To solve the problem of automatic garbage collection, the LISP programming language introduced garbage collection for the first time. Garbage collectors are programs that run implicitly during the runtime of a program and free up memory that is no longer required by the program, allowing other programs to utilize the blocks. For example, in our program above, a garbage collector would typically free up the memory space acquired by the old array once we copy the values from the old memory. Garbage collectors can run many algorithms to detect redundant memory space acquired by the program to free them. We won't be going into any such algorithms in this article.

Garbage Collectors become problem themselves

Garbage collectors solved crucial memory management issues by preventing leaks, but they add runtime overhead, reducing overall performance. In the Java programming language, each JVM instance runs its own garbage collector, which makes Java programs inefficient in terms of performance. Running GC in Java causes an increase in pause time while cleaning the memory, overhead in the heap memory, which again resides in the primary memory, increased latency, and more CPU usage.
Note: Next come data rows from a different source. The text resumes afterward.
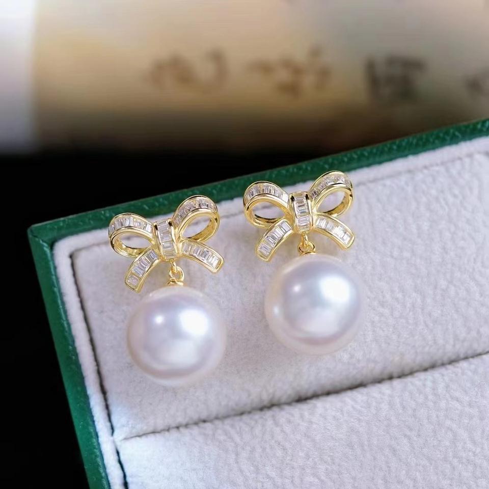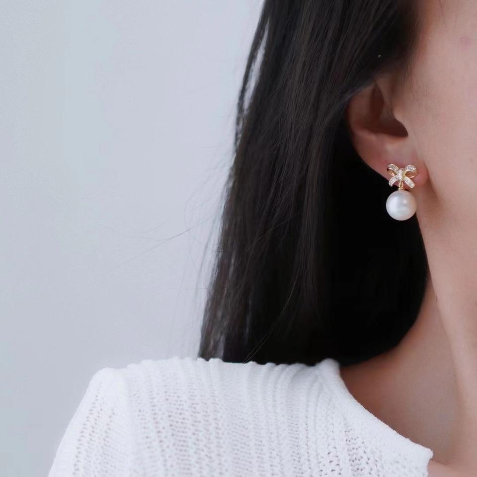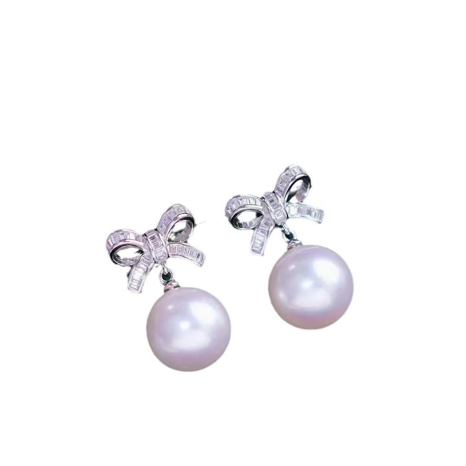 "S925 Silver Round Flawless Seedless Freshwater Pearl 9-10mm Butterfly Earrings"
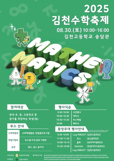 경상북도김천교육지원청은 오는 2025년 8월 30일 오전 10시, 김천고등학교 송담관에서 ‘2025 김천수학축제’를 개최한다. 이번 행사는 김천교육지원청이 주최하고 김천고등학교가 주관학교로 나서서 학생·학부모가 함께 즐길 수 있는 다양한 체험부스와 공연으로 꾸며진다. 축제는 오전 9시 30분 김천고 밴드 Log-IN&OUT의 식전 행사로 시작해, 10시 개막식과 함께 다채로운 프로그램이 본격적으로 펼쳐진다. 행사 중간에는 관내 중·고등학교 밴드 및 댄스 동아리 4개 팀이 무대 공연을 선보이며 축제 분위기를 더욱 고조시킬 예정이다. 올해 수학축제에는 초·중·고 17개 학교가 참여하여 총 25개의 체험 부스를 운영한다. 부스에서는 수학의 개념을 쉽고 재미있게 체험할 수 있는 프로그램이 준비되어 있다. ‘비즈 스트링아트 드림캐처’, ‘오각형 구멍이 있는 종이 세팍타크로공’, ‘십각부메랑’, ‘한붓그리기로 네온사인 만들기’, ‘라틴방진 냄비받침 만들기’처럼 창의적인 공예 체험부터, ‘퍼즐탐험’, ‘방탈출 보드게임’, ‘보드게임 속 수학’, ‘유닛퍼즐’, ‘메타와이어퍼즐’과 같은 두뇌 게임, 그리고 ‘테셀레이션 텀블러 만들기’, ‘텐세그리티 구조물 만들기’ 등 과학적 원리가 담긴 메이커 활동까지 다채롭게 마련됐다. 또 김천고등학교 학생들이 운영하는 의료 부스와, 수학사랑이 운영하는 ‘똑똑 주식대결 & 똑똑 도시설계’ 부스도 많은 관심을 모을 것으로 기대된다. 이번 2025 김천수학축제는 교과서 속의 수학에서 벗어나 놀이와 예술을 통해 함께 즐길 수 있는 자리라는 점에서 의미가 크다. 학생들은 다양한 체험을 통해 창의적 사고와 문제해결력을 기르고 수학에 대한 흥미와 자신감을 얻을 것으로 기대된다. 김천교육지원청 모태화 교육장은 “이번 수학축제는 학생들이 주인공이 되어 즐기고 배우는 소중한 경험의 자리”라며, “수학이 어렵고 딱딱한 학문이 아니라 생활 속에서 흥미롭게 활용될 수 있다는 것을 느끼길 바란다. 앞으로도 학생 중심의 창의융합형 교육 활동을 적극 지원하겠다.”고 말했다.
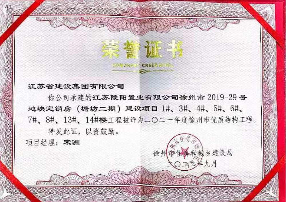 作为塘坊二期项目团队负责人,宋洲(31岁,一级建造师,工程师)自项目团队成立以来,一直尽职责守,履行岗位安全和工作职责,认真落实“安全第一、预防为主、综合治理”的安全生产方针。在他的带领下,塑造了一支作风硬、懂管理、专业强的青年团队,施工以来无任何安全事故发生。承建的塘坊二期2019-29号地块荣获徐州市优质结构工程等称号。
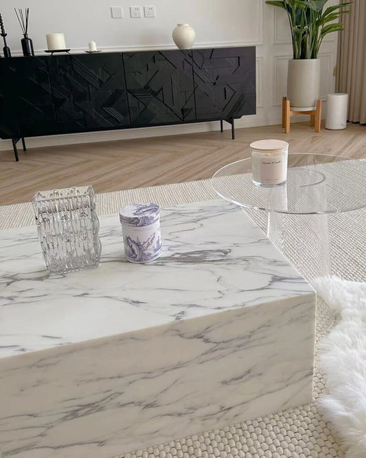 Arabescato Marble Rectangle Plinth Coffee Table
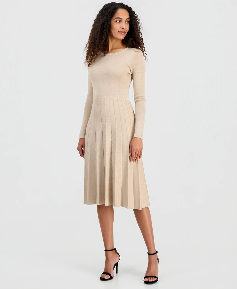 Shop T Tahari Women's Metallic Long-Sleeve Fit & Flare Dress in Los Angeles, CA
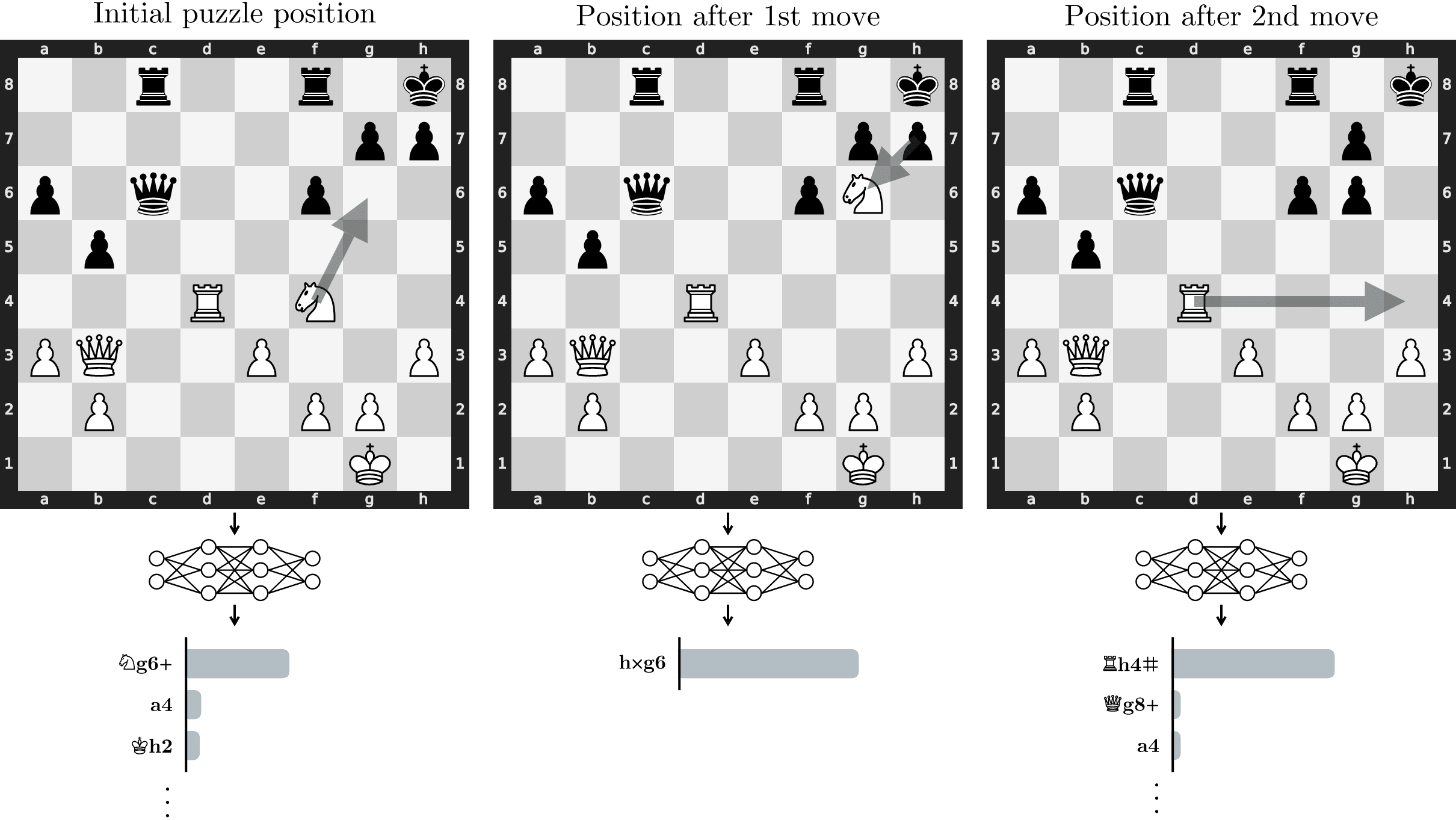 We focus on the policy network of Leela, which takes in a board state and outputs a distribution over moves. With only a single forward pass per board state, it can solve puzzles like the above. (You can play against the network on Lichess to get a sense of how strong it is—its rating there is over 2600.) Humans and manually written chess engines rely on look-ahead to play chess this well; they consider future moves when making a decision. But is the same thing true for Leela?
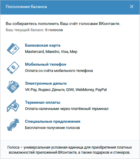 Для многих финансовых операций в ВК используются голоса – специальная внутренняя валюта, которой можно расплачиваться исключительно на “территории” социальной сети ВКонтакте.
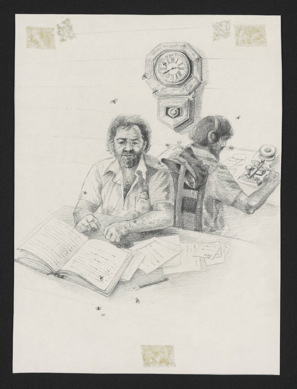 Date1981Reference NumberAms 508/2/7/6DescriptionIllustration for 'The Silent One', 1981, page 69. Two men working at desks with books, equipment, clock on the wall.
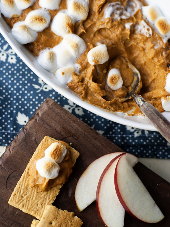 Several years ago, my sister made this baked, marshmallow-y topped pumpkin pie dip. I couldn’t exactly keep my hands off the stuff. She served it with graham crackers and apple slices and let me tell you, it was like pumpkin pie and sweet potato casserole (you know, because of the mallows) teamed up to create this wonder dip.
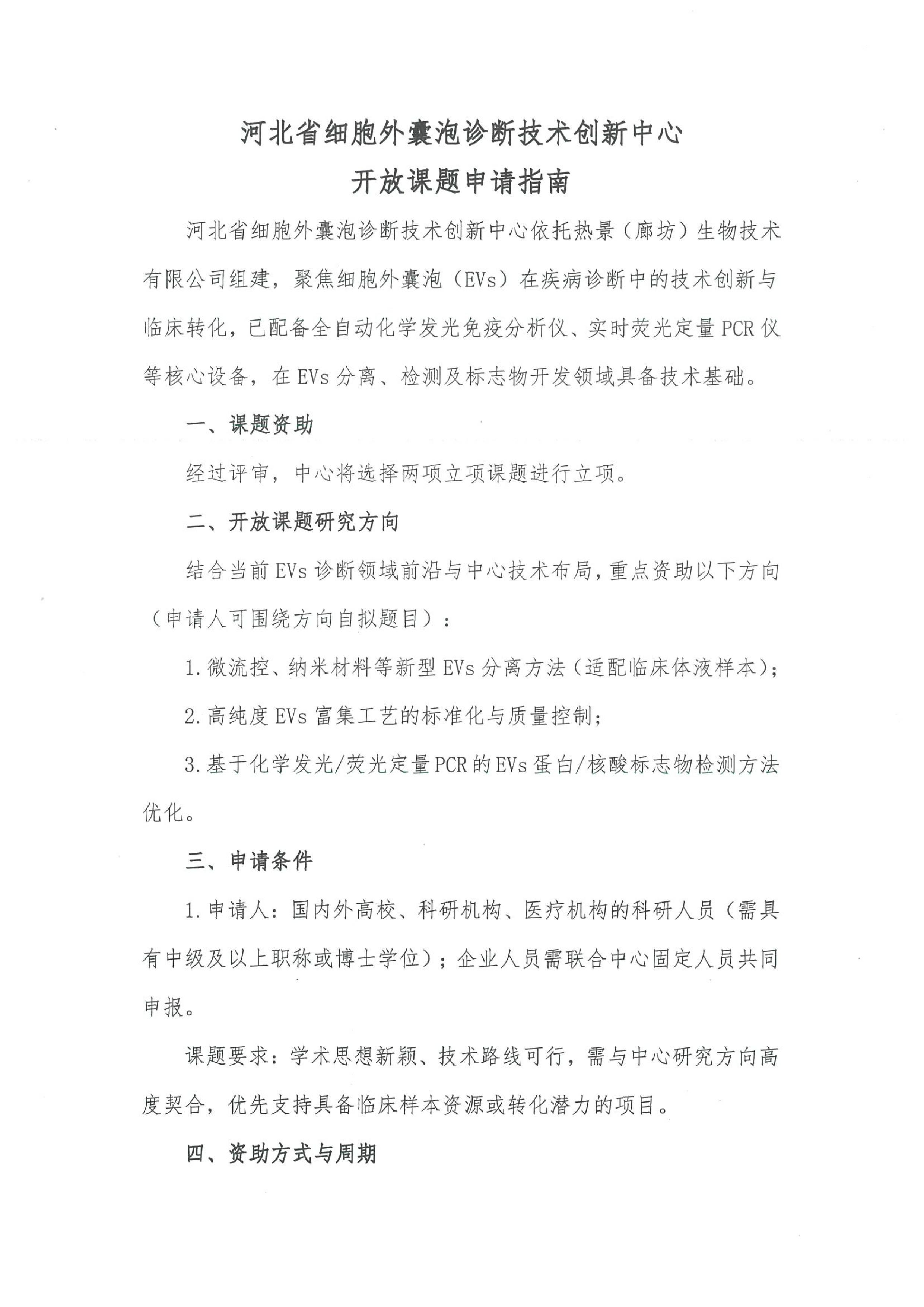 河北省細(xì)胞外囊泡診斷技術(shù)創(chuàng)新中心開放課題申請指南
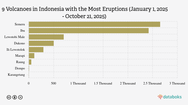 Throughout 2025, MAGMA Indonesia has recorded 6,733 volcano eruptions across Indonesia. Mount Semeru in East Java had the most eruptions (2,654 times), while Mount Ibu erupted 2,420 times.
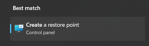 1.ВідкрийтеВікно пошуку Windows, видСтворіть точку відновленняі натиснітьВведітьключ.
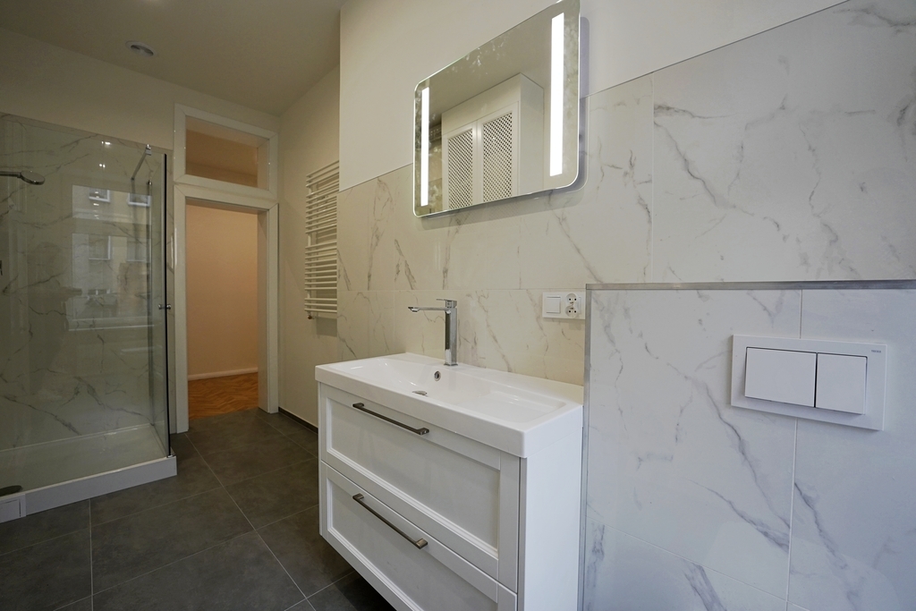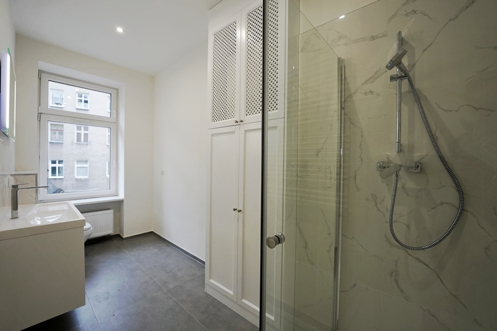 - nowa łazienka z eleganckim wykończeniem i wygodnym prysznicem
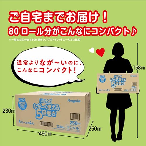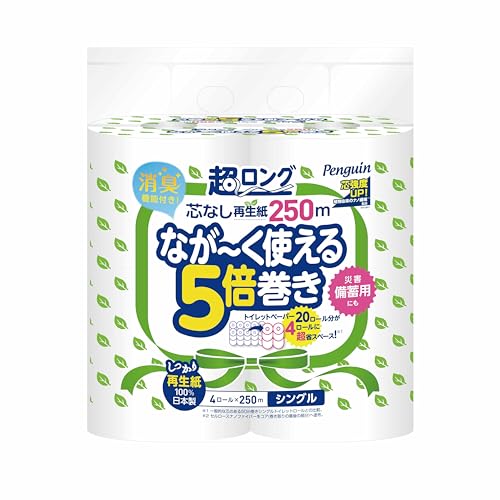 【ケース販売】丸富製紙 ペンギン超ロング再生紙トイレットロール 250m 4ロール シングル×4
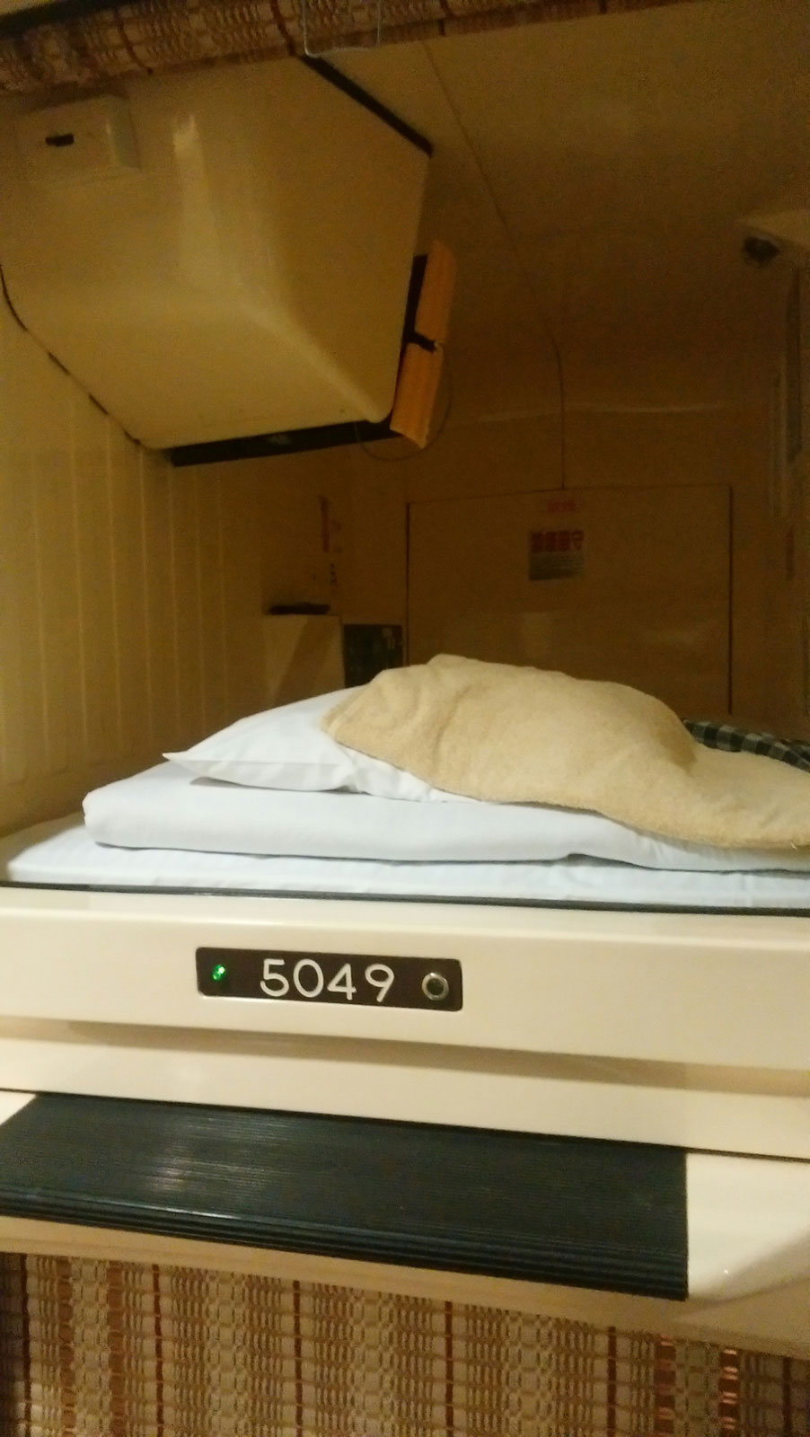 大浴場で汗を流してスッキリしてから、カプセルに潜り込んで寝る。 カプセルは密閉はされてないけど、垂れ幕を下ろすので外の空気があまり循環せず、少し暑いのが問題だったが、酔っているしすぐに寝ることができた。 もっと寝づらいと思ったけど、メチャメチャ快適だった。 昨晩の高速バスとは比べ物にならないくらい寝やすい。
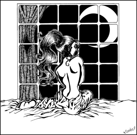 Petite historique: étude de la texture, je l'ai ajoutée dans mon portfolio (en avais-je parlé? je participe à un concours d'animation de télétoon). On voit très mal sur cette image, je l'ai peut-être trop rapetissée, mais il y a de petits motifs sur l'arbre (oui, c'est un arbre) et les cheveux sont mieux vu de plus près.
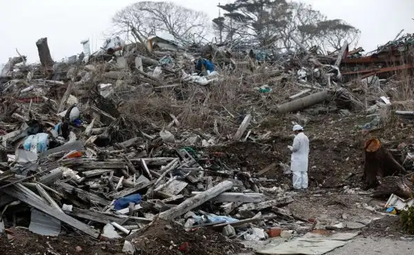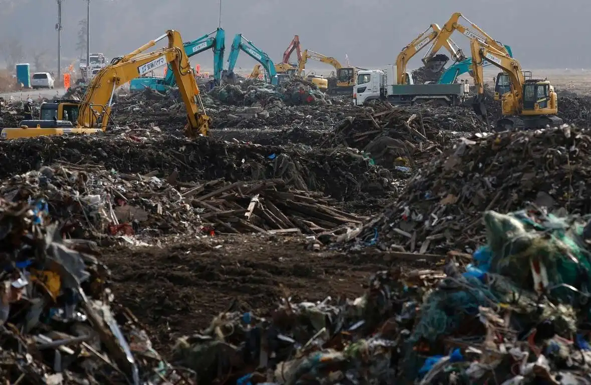 В ход идет тяжелая техника, чтобы расчистить завалы после землетрясения и вывезти радиоактивные отходы с разрушенных территорий.
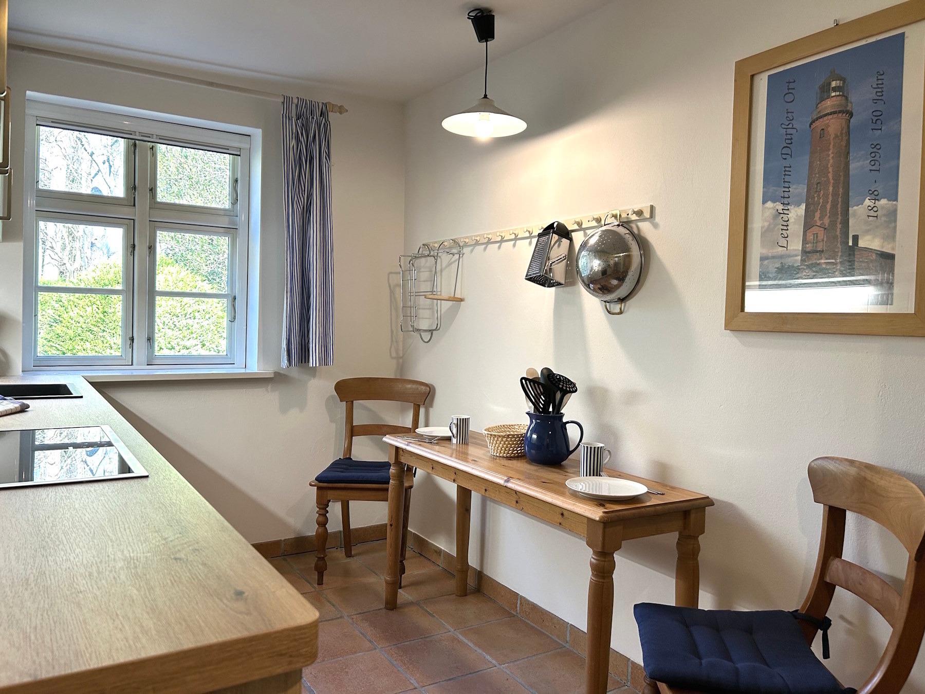 In der Ferienanlage Eichenpark direkt am Darßwald, ruhig und doch zentral gelegen, ca. 800 Meter vom Strand entfernt, liegt diese Ferienwohnung im denkmalgeschützten Reetdachhaus, liebevoll, urig und nostalgisch eingerichtet.

In addition to this, the efficiency of GCs also comes with the underlying running algorithms, which may cause complexity in certain use cases.

Can we do without garbage collectors?

The use of GC in programming languages is a boon for developers, but they do come at a cost. So a natural question arises: can we do without a GC? Or can we figure out a solution where the tradeoff between manually managing the memory and automatically preventing memory leaks can be effective? The answer to this question may lie in the new programming language on the horizon: Rust.

Rust is a fairly new programming language with C-like syntax that has removed both manual memory management modules as well as the Garbage Collector. Rust has implemented strict rules in syntax to prevent developers from ever occupying redundant memory space by implementing RAII (Resource Acquisition Is Initialization) through proposing the concept of ownership. In a nutshell, the concept of ownership tells us that each memory space currently occupied in the language will have an owner. If the owner of the memory dies, is removed, or is reassigned to another memory space, then that memory space is immediately deallocated. Additionally, an owner may own more than one memory space, which is completely fine, but if the owner is removed, then all the memory is also removed.

Implementing solutions like RAII again comes at a cost. Since the onus is now on the language to prevent developers from creating duplicate owners of memory space, it restricts developers from free-style and multi-paradigm coding.

Conclusion

With this, we have reached the end of our article: "To GC or not To GC." Rust has provided us with an example of how a language can operate without the implementation of GC in the language runtime, making itself fast and efficient. The trade-off on syntax strictness is also fair, as developers don't have to worry about manual memory management. However, GCs exist in almost all popular programming languages like Go, Python, Swift, etc., and aren't going anywhere. I believe that in the future, a solution must emerge that tries to solve the problem of memory management with a mix of both concepts: Garbage Collection and RAII.